Sarvepalli Radhakrishnan (1888— 1975)
If we claim to be civilized, if we love justice, if we cherish mercy, if we are not ashamed to own the reality of the inward light, we must affirm that we are first and foremost Citizens of the World…Our planet has grown too small for parochial patriotism S. Radhakrishnan, Philosopher and President of India (1962-1967)
“The present crisis in human affairs is due to a profound crisis in human consciousness, a lapse from the organic wholeness of life. Today, there is a crisis of perception, a widespread sense of unease concerning old forms of thinking which require that we must recreate and re-enact a vision of the world based on the elements of reverence, order, and human dignity, without which no society can be held together.”
As Radhakrishnan pointed out, the next stage of human evolution is in the human psyche “in his mind and spirit, in the emergencies of a larger understanding and awareness, in the development of a new integration of character adequate to the new age. When he gains a philosophic consciousness and an intensity of understanding, a profound apprehension of the meaning of the whole, there will result a more adequate social order which will influence not only individuals but peoples and nations. We have to fight for this order first in our souls, then in the world outside.”
Radhakrishnan repeatedly stressed the close interdependence between the need to recover the visions of the Higher Self in each person and the need to move beyond a narrow, nationalistic view of the world. “If we are to help the present society to grow organically into a world order, we must make it depend on the universal and enduring values which are implanted in the human heart that each individual is sacred, that we are born for love and not hate…We have learned to live peacefully in larger and larger units. The concept of a community has grown from a narrow tribal basis to the Nation State. There is no stopping short of a world community…Thus we rejoice that there is an institution like the United Nations, for it is the symbol and hope of the new world, of the light dawning beyond the clouds, clouds piled up by our past patterns of behaviour, past ways of speaking, judging and acting, which do not answer to the deep desire of the peoples of the world for peace and progress. We owe it to ourselves to find out why the light does not spread and disperse the darkness, why the sky is still clouded by fear and suspicion, hate and bitterness.”

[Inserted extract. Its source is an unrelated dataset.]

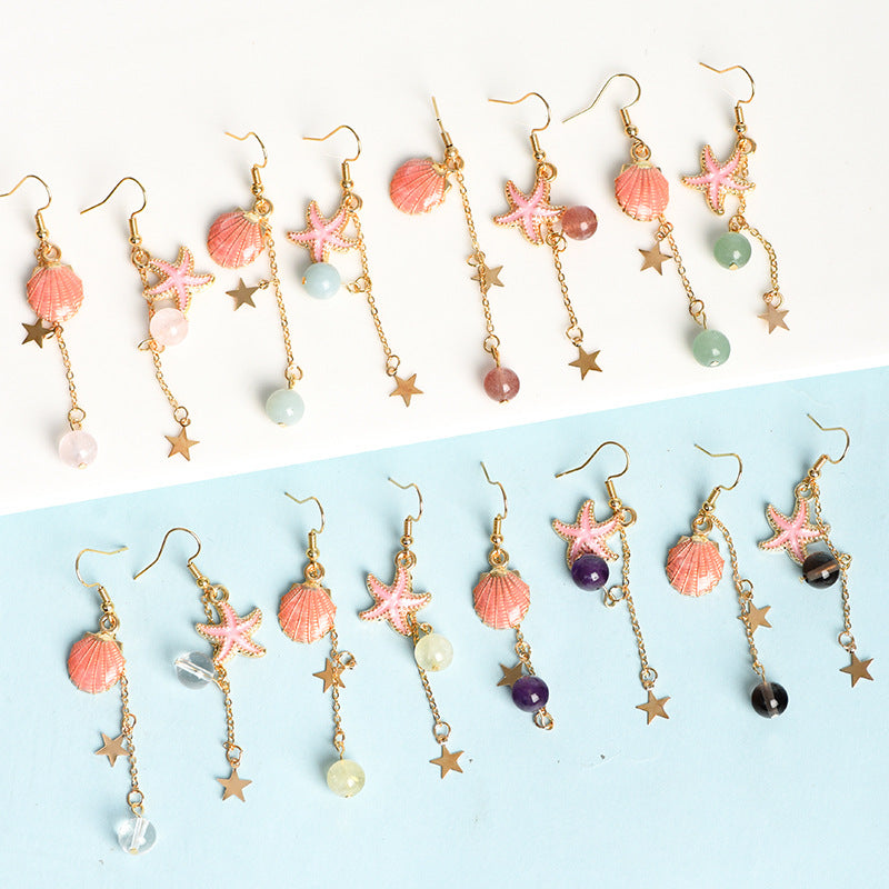 Natural crystal round beads and starfish earrings, creative, simple and elegant handmade earrings $2.00

It is rare for a world citizen to become president of a State and even rarer to find a professional philosopher as head of State outside Plato’s Republic. Radhakrishnan was a rare individual who played an important intellectual role in three crucial periods:
1) The revival of Indian thought in the 1920s—1930s after a long period of marginalization;
2) The Second World War period when a new world society was being planned and when India was on the eve of becoming a fully independent State;
3) The first years of Indian independence and the start of the Cold War, the Korean conflict and the need to help reduce Soviet-American Cold War tensions.
Sarvepalli Radhakrishnan was born into a middle class Brahman family in south India near Madras. His family valued education, and he attended Christian-sponsored secondary schools and did his higher education at Madras Christian College. During his education he came to study classical Greek and Western thought, especially Plato, Aristotle and came to know Christian religious views. He was confronted with Western teachers who held a low opinion of the Hinduism they saw around them but who were active in promoting Christian social action, especially in the fields of health, education and poverty reduction. Madras was also the headquarters of the world-wide Theosophical Society which agreed with the Christians that Hinduism was asleep but who felt that it could be awakened from within by its deeper values and did not have to copy the West. This was the avenue which Radhakrishnan followed, a recognition of the stagnant state of much of Indian religious thought and practice but a confidence that the answer lay in a revitalization of the best of Indian thought such as the Upanisads and the Bhagavad Gita;
Radhakrishnan cited the status of Indian thought described by the religious reformer Sri Aurobindo; “If an ancient Indian of the time of the Upanisads, of the Buddha, or the later classical age were to be set down in modern India, he would see his race clinging to forms and shells and rags of the past and missing nine-tenths of its nobler meaning…he would be amazed by the extent of the mental poverty, the immobility, the static repetition, the cessation of science, the long sterility of art, the comparative feebleness of the creative intuition.”
Radhakrishnan was aware of the then status quo. As he wrote “Stagnant systems, like pools, breed obnoxious growths, while flowing rivers constantly renew their waters from fresh springs of inspiration. There is nothing wrong in absorbing the culture of other peoples; only we must enhance, raise and purify the elements we take over, fuse them with the best in our own. Indian philosophy acquires a meaning and a justification for the present only if it advances and ennobles life.”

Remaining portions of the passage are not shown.